Potje schaken, dammen of bridgen in verenigings- of wedstrijdverband. Omdat dit voorheen fiscaal gezien niet ‘sport’ werd gekwalificeerd, werd er geen btw over geheven. Maar als gevolg van een arrest van het Europees Hof van Justitie moeten voortaan ook Nederlandse denksporters omzetbelasting betalen, waarmee naar schatting jaarlijks €1 miljoen aan belastinggeld wordt binnengehaald.

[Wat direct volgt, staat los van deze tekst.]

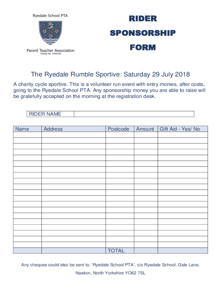 RIDER SPONSORSHIP Forth Rye dale Rumble Sportive: Saturday 29 July 2018 A charity cycle sportive. This is a volunteer run event with entry monies, after costs, going to the Rye dale School PTA. Any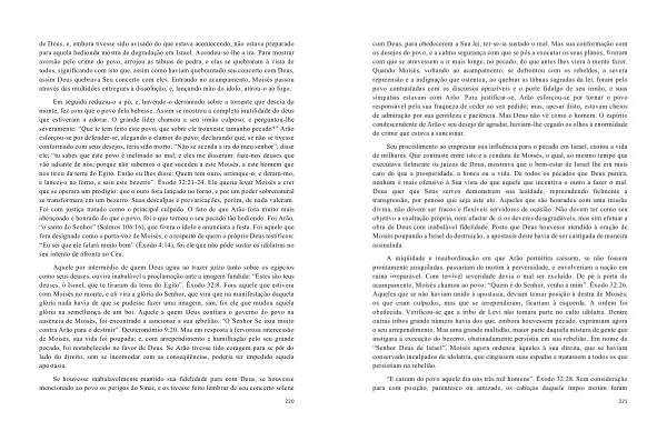 com Deus , para obedecerem a Sua lei , ter-se-ia sustado o mal . Mas sua conformação com os desejos do povo , e a calma segurança com que se pôs a executar os seus planos , fizeram com que se atrevessem a ir mais longe , no pecado , do que antes lhes viera à mente fazer . Quando Moisés , voltando ao acampamento , se defrontou com os rebeldes , a severa repreensão e a indignação que ostentou , ao quebrar as tábuas sagradas da lei , foram pelo povo contrastadas com os discursos aprazíveis e o porte fidalgo de seu irmão , e suas simpatias estavam com Arão . Para justificar-se , Arão esforçou-se por tornar o povo responsável pela sua fraqueza de ceder ao seu pedido ; mas , apesar disto , estavam cheios de admiração por sua gentileza e paciência . Mas Deus não vê como o homem . O espírito condescendente de Arão e seu desejo de agradar , haviam-lhe cegado os olhos à enormidade do crime que estava a sancionar .

Staatssecretaris Menno Snel van Financiën heeft dat laten weten aan de Tweede Kamer, in antwoord op vragen van de leden Bruins Slot, Omtzigt (beiden CDA) en Rudmer Heerema (VVD). Zij vroegen of de staatssecretaris het, net zoals zij, onwenselijk zou vinden als door een Europees arrest denksportbonden en -verenigingen in Nederland financieel nadeel ondervinden van deze uitspraak. ‘Als denksportbonden en –verenigingen financieel nadeel en/of een afname van het ledental ondervinden, vind ik dat een onwenselijk gevolg van het arrest’, alntwoord de staatssecretaris in een brief.
Vrijstelling
In Nederland maar ook elders in Europa is het gebruikelijk dat sportverenigingen van een btw-vrijstelling genieten. Zij hoeven geen btw te heffen over diensten, waardoor de contributies of inschrijfgelden voor toernooien lager zijn. Voor denksporten gaat dat dus veranderen, als gevolg van een uitspraak van het Europese Hof van Justitie uit oktober 2017. In die zaak, waarbij de Britse bridgevereniging pleitte voor btw-vrijstelling, is aangegeven dat bridge ‘een te verwaarlozen lichamelijke component’ heeft en daarmee niet onder (van btw vrijgestelde) sport valt. Door de btw-heffing moet iedere georganiseerde denksporter van hen naar schatting tussen de €5 tot €10 per jaar meer gaan betalen. De Kamerleden doen nog een poging met de suggestie dat denksporten in het vervolg onder ‘culturele diensten’ (vrijgesteld van btw) kunnen vallen, maar de staatssecretaris heeft dat niet overgenomen.